Nair Amit, Ingram Nicola, Verghese Eldo T, Wijetunga Imeshi, Markham Alexander F, Wyatt Judy, Prasad K Rajendra, Coletta P Louise
Leeds Institute of Medical Research, St James's University Hospital, Leeds, LS9 7TF, UK.
Department of Histopathology, St James's University Hospital, Leeds, LS9 7TF, UK.
Cell Oncol (Dordr). 2020 Oct;43(5):835-845. doi: 10.1007/s13402-020-00530-8. Epub 2020 May 28.
The current treatment outcomes in cholangiocarcinoma are poor with cure afforded only by surgical extirpation. The efficacy of targeting the tumoural endothelial marker CD105 in cholangiocarcinoma, as a basis for potential microbubble-based treatment, is unknown and was explored here.

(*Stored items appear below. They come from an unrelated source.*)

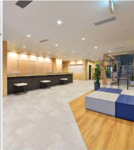
Hotel Flexstay Hakodate Ekimae
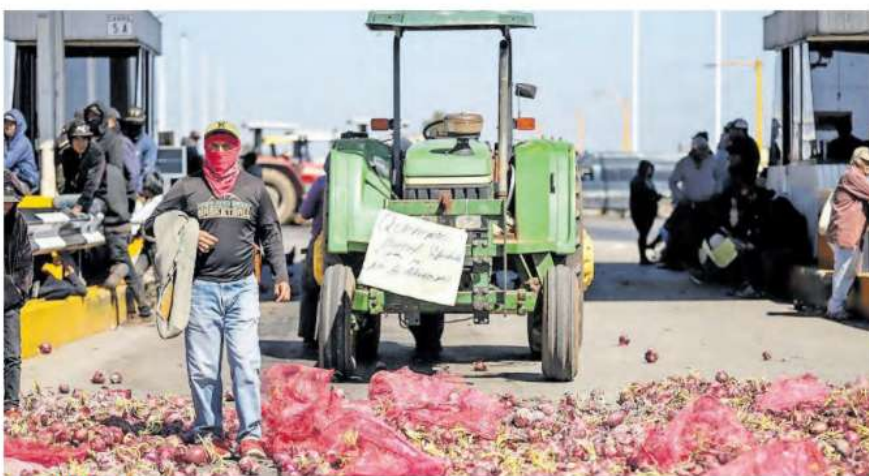
● PRODUCTORES y jornaleros protestaron en la caseta de Calera.

Desde aproximadamente las 8 horas de este martes, en decenas de autobuses, tractores y camionetas que jalaban trailas cargadas de cebolla, comenzaron a desplegarse en distintos puntos carre-
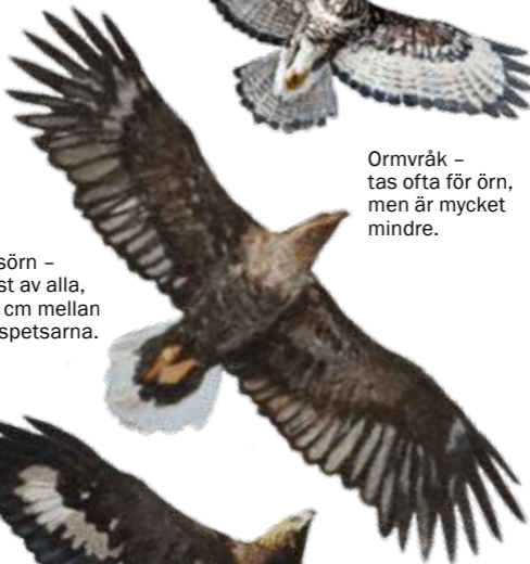
Havsörn – störst av alla, 240 cm mellan vingspetsarna.
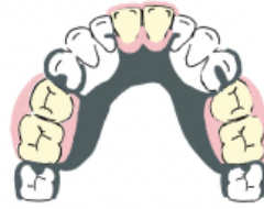
馬蹄形バー(ホースシューバー)
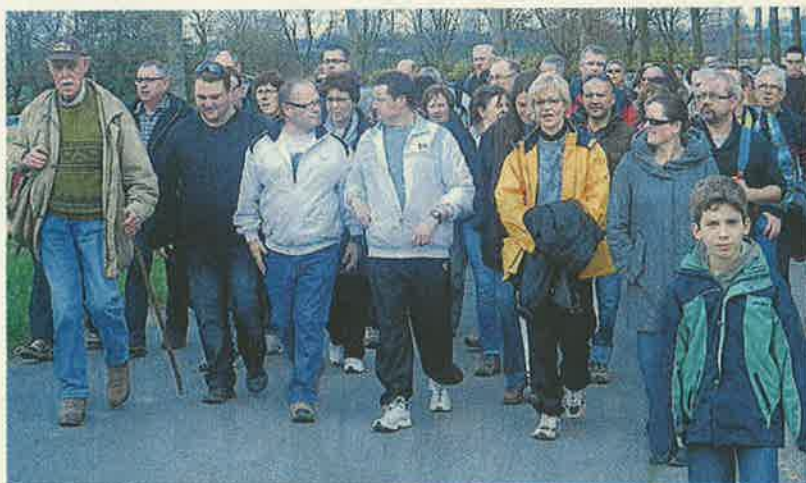
Dimanche matin, départ des randonneurs de l'abbaye de Bellefontaine.

Tissue expression of CD105 was quantified using immunohistochemistry in 54 perihilar cholangiocarcinoma samples from patients who underwent resection in a single centre over a ten-year period, and analysed against clinicopathological data. In vitro flow assays using microbubbles functionalised with CD105 antibody were conducted to ascertain specificity of binding to murine SVR endothelial cells. Finally, CD105-microbubbles were intravenously administered to 10 Balb/c nude mice bearing heterotopic subcutaneous human extrahepatic cholangiocarcinoma (TFK-1 and EGI-1) xenografts after which in vivo binding was assessed following contrast-enhanced destruction replenishment ultrasound application.
Though not significantly associated with any examined clinicopathological variable, we found that higher CD105 expression was independently associated with poorer patient survival (median 12 vs 31 months; p = 0.002). In vitro studies revealed significant binding of CD105-microbubbles to SVR endothelial cells in comparison to isotype control (p = 0.01), as well as in vivo to TFK-1 (p = 0.02) and EGI-1 (p = 0.04) mouse xenograft vasculature.
Our results indicate that CD105 is a biomarker eminently suitable for cholangiocarcinoma targeting using functionalised microbubbles.
胆管癌目前的治疗效果较差,只有通过手术切除才能实现治愈。靶向肿瘤内皮标志物CD105在胆管癌中的疗效作为基于微泡的潜在治疗基础尚不清楚,本文对此进行了探索。
使用免疫组织化学对来自单一中心在十年期间接受手术切除的54例肝门部胆管癌样本中的CD105组织表达进行定量,并与临床病理数据进行分析。使用用CD105抗体功能化的微泡进行体外流动分析,以确定与小鼠SVR内皮细胞结合的特异性。最后,将CD105微泡静脉注射给10只携带异位皮下人肝外胆管癌(TFK-1和EGI-1)异种移植瘤的Balb/c裸鼠,在应用对比增强破坏补充超声后评估体内结合情况。
虽然与任何检查的临床病理变量均无显著相关性,但我们发现较高的CD105表达与较差的患者生存率独立相关(中位生存期12个月对31个月;p = 0.002)。体外研究显示,与同型对照相比,CD105微泡与SVR内皮细胞有显著结合(p = 0.01),在体内与TFK-1(p = 0.02)和EGI-1(p = 0.04)小鼠异种移植瘤血管也有显著结合。
我们的结果表明,CD105是一种非常适合使用功能化微泡靶向胆管癌的生物标志物。